Granted an item is specifically an investment vehicle, the asset in question is subjected to certain regulatory protocols. Only if it fully qualifies as a form of money can it avoid these rules. One of the big things going against Ripple is that fact that many consider it to be a centralized entity.
Bitcoin, by comparison, was unveiled 12 years ago by an anonymous programmer. It is distributed largely to its users, and most of the supply is not owned by a single company or individual. However, most of the XRP units out there are still largely owned by Ripple itself. This gets in the way of XRP’s status as a valid currency for many analysts.
Adding insult to injury, the company is also claiming that assets like bitcoin and Ethereum – the first and second largest cryptocurrencies by market cap, respectively – are predominantly controlled by China. The company announced in a statement:
XRP consistently ranks among the top three virtual currencies by market capitalization alongside bitcoin and ether, the two Chinese-controlled virtual currencies that the SEC has stated are not securities.
Ripple CEO Brad Garlinghouse was quick to rush to his baby’s side, claiming on Twitter that the SEC was specifically “trying to limit US innovation in the crypto industry.” He says that the SEC and other agencies are quick to support both bitcoin and Ethereum while turning their backs on virtually everything else.

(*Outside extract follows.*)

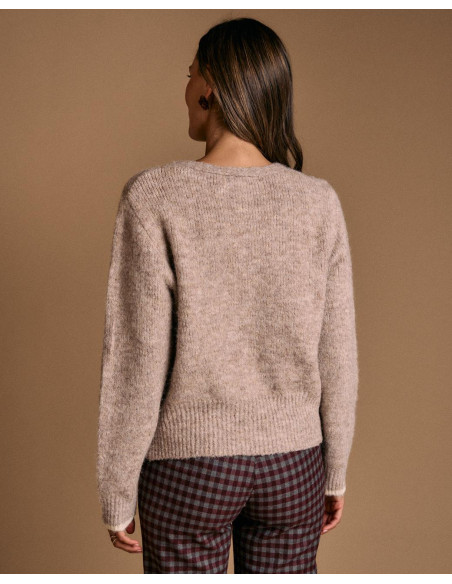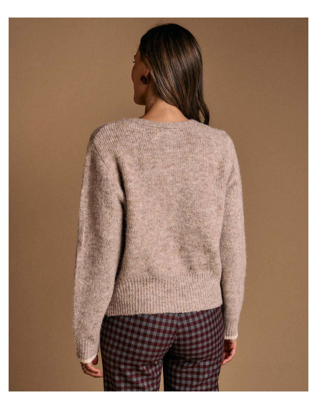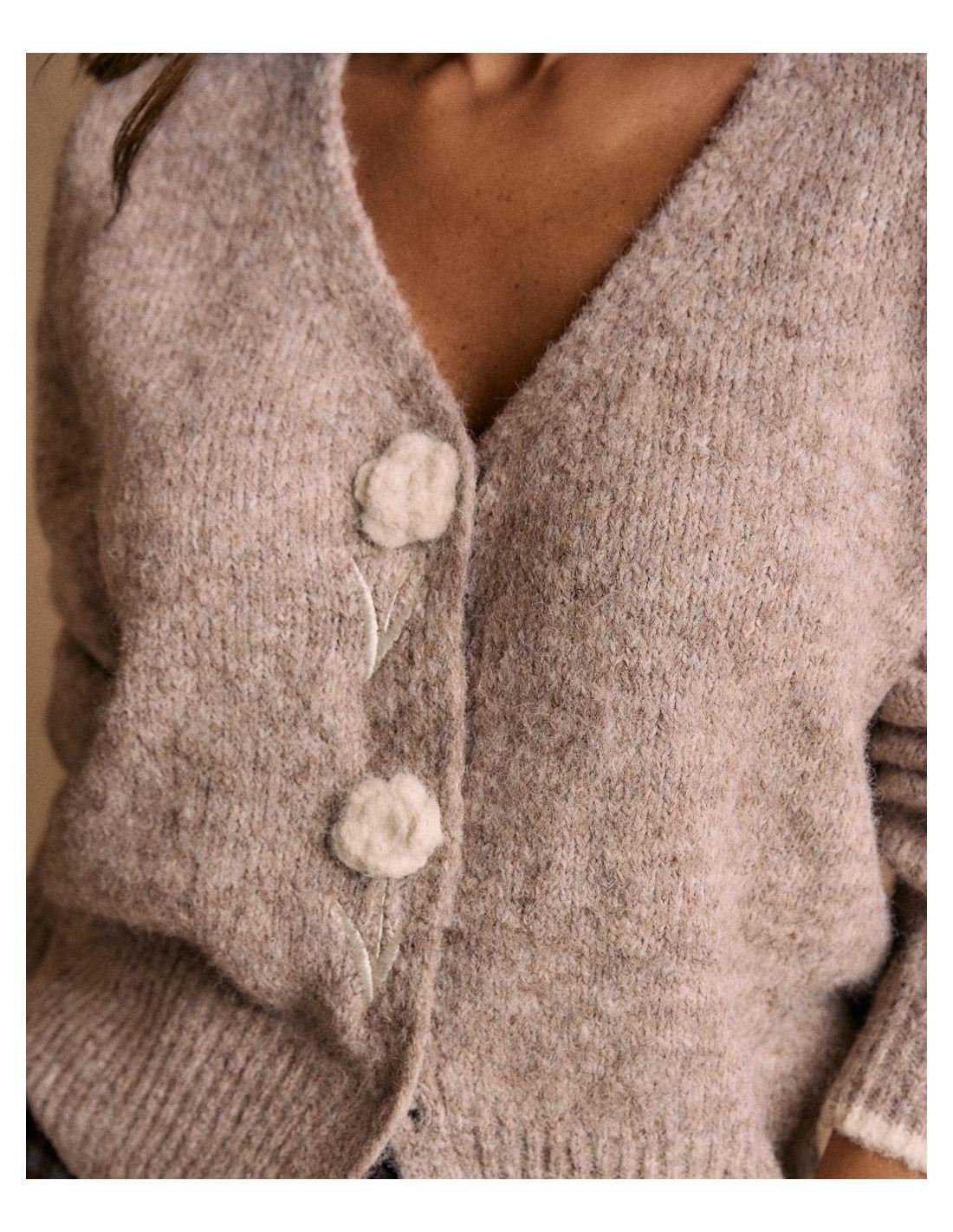 <p><span style="font-size: 10pt; font-family: Arial;">Rebeca de punto grueso en color taupe, de manga larga y escote pico. Presenta un delicado borde en contraste en los puños y el especial detalle de flores como botones.</span></p> <p><span style="font-size: 10pt; font-family: Arial;">Ideal para un look cálido y femenino, perfecto para combinar con pantalones o faldas de tiro alto.</span></p>

The SEC – out of step with other G20 countries and the rest of the U.S. government – should not be able to cherry-pick what innovation looks like (especially when their decision directly benefits China). Make no mistake, we are ready to fight and win. This battle is just beginning.
A History of Reigning in On Crypto Firms’ Parades
At press time, the SEC has not physically filed a suit against the company and says it is only planning to take legal action against Ripple, though this could be as soon as next week.
The SEC has not been kind to companies that seek to edge away from registering their assets as securities and has been quick to instill monetary penalties and other harsh punishments for firms who fail to follow the appropriate protocols.